DAOs Still Struggle With A Fundamental Problem, Says Vitalik Buterin
Ethereum co-founder Vitalik Buterin identified limits to human attention as the core problem plaguing decentralized autonomous organizations (DAOs) and democratic governance systems.
Summary
- Buterin says limited human attention is DAOs’ core governance flaw.
- Personal AI agents could vote using user preferences and context.
- Suggestion markets and MPC may improve privacy and decisions.
Writing on X, Buterin argued that participants face thousands of decisions across multiple domains of expertise without sufficient time or skill to evaluate them properly.
The usual solution of delegation creates disempowerment where a small group controls decision-making while supporters have no influence after clicking the delegate button.
Buterin proposed personal large language models as the solution to the attention problem and shared four approaches.
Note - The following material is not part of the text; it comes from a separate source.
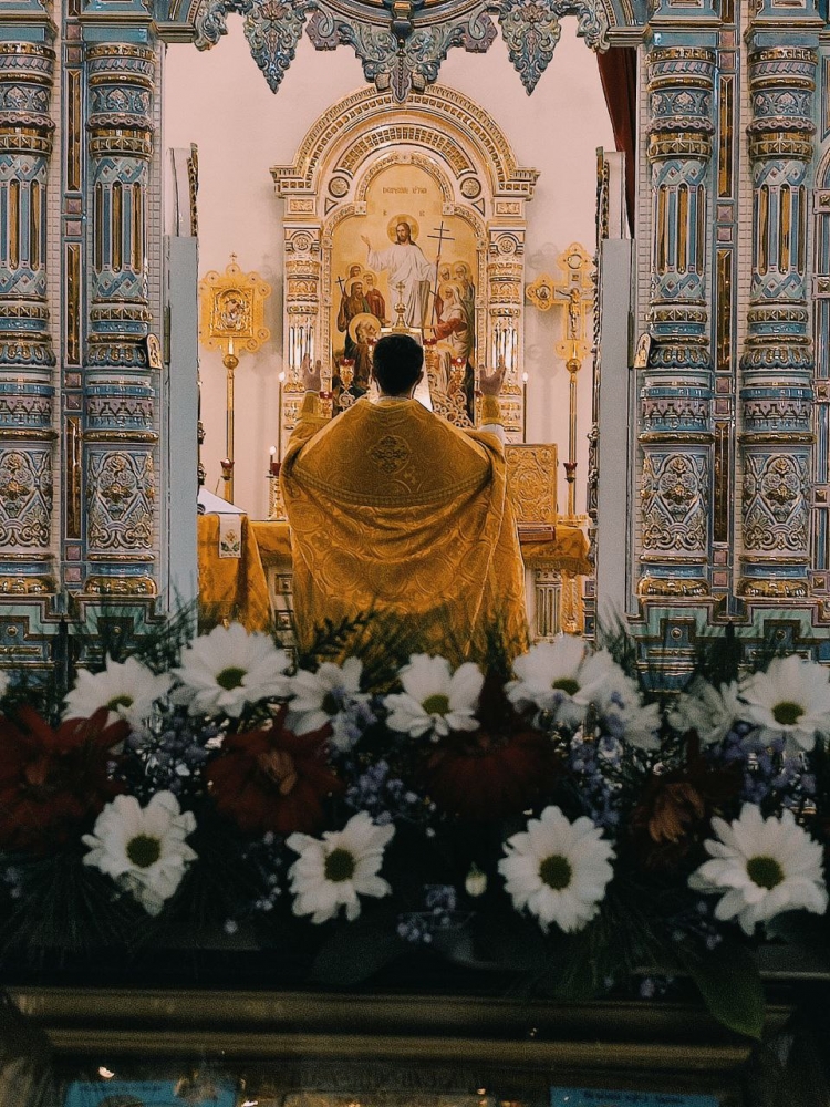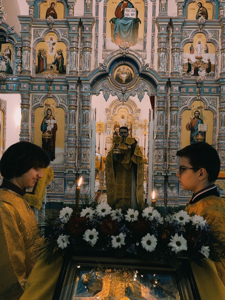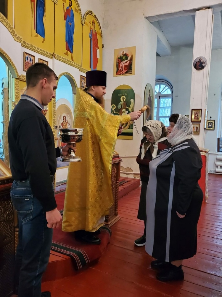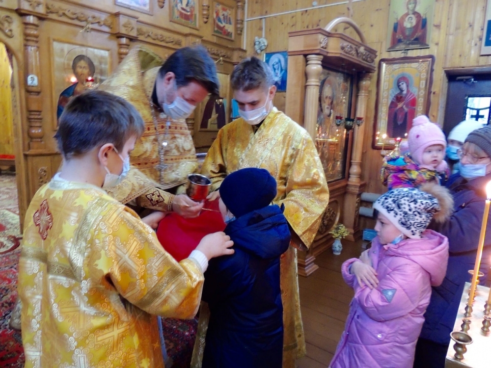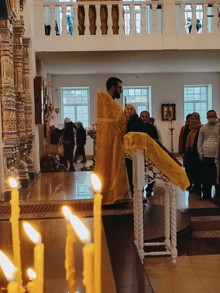 Священники приветствовали прихожан, поздравляя с воскресным днем и началом Рождественского поста.

Personal governance agents, public conversation agents, suggestion markets, and privacy-preserving multi-party computation for sensitive decisions.
Personal LLMs can vote based on preferences
Personal governance agents would perform all necessary votes based on preferences inferred from personal writing, conversation history, and direct statements.
When the agent faces uncertainty about voting preferences and considers an issue important, it should ask the user directly while providing all relevant context.
Public conversation agents would aggregate information from many participants before giving each person or their LLM a chance to respond.
The system would summarize individual views, convert them into shareable formats without exposing private information, and identify commonalities between inputs similar to LLM-enhanced Polis systems.
Buterin noted that good decisions cannot come from “a linear process of taking people’s views that are based only on their own information, and averaging them (even quadratically).” “Processes must aggregate collective information first, then allow informed responses.
Suggestion markets could surface high-quality proposals
Governance mechanisms valuing high-quality inputs could implement prediction markets where anyone submits proposals while AI agents bet on tokens. When the mechanism accepts the input, it pays out to token holders.
The approach applies to proposals, arguments, or any conversation units the system passes along to participants. The market structure creates financial incentives for surfacing valuable contributions.
Decentralized governance fails when important decisions need secret information, Buterin argued. Organizations generally handle adversarial conflicts, internal disputes, and compensation decisions by appointing individuals with great power.
Multi-party computation using trusted execution environments could incorporate many people’s inputs without compromising privacy.
“You submit your personal LLM into a black box, the LLM sees private info, it makes a judgement based on that, and it outputs only that judgement,” Buterin explained.
Privacy protection becomes important as participants submit larger inputs containing more personal information. Anonymity needs zero-knowledge proofs, which Buterin said should be built into all governance tools.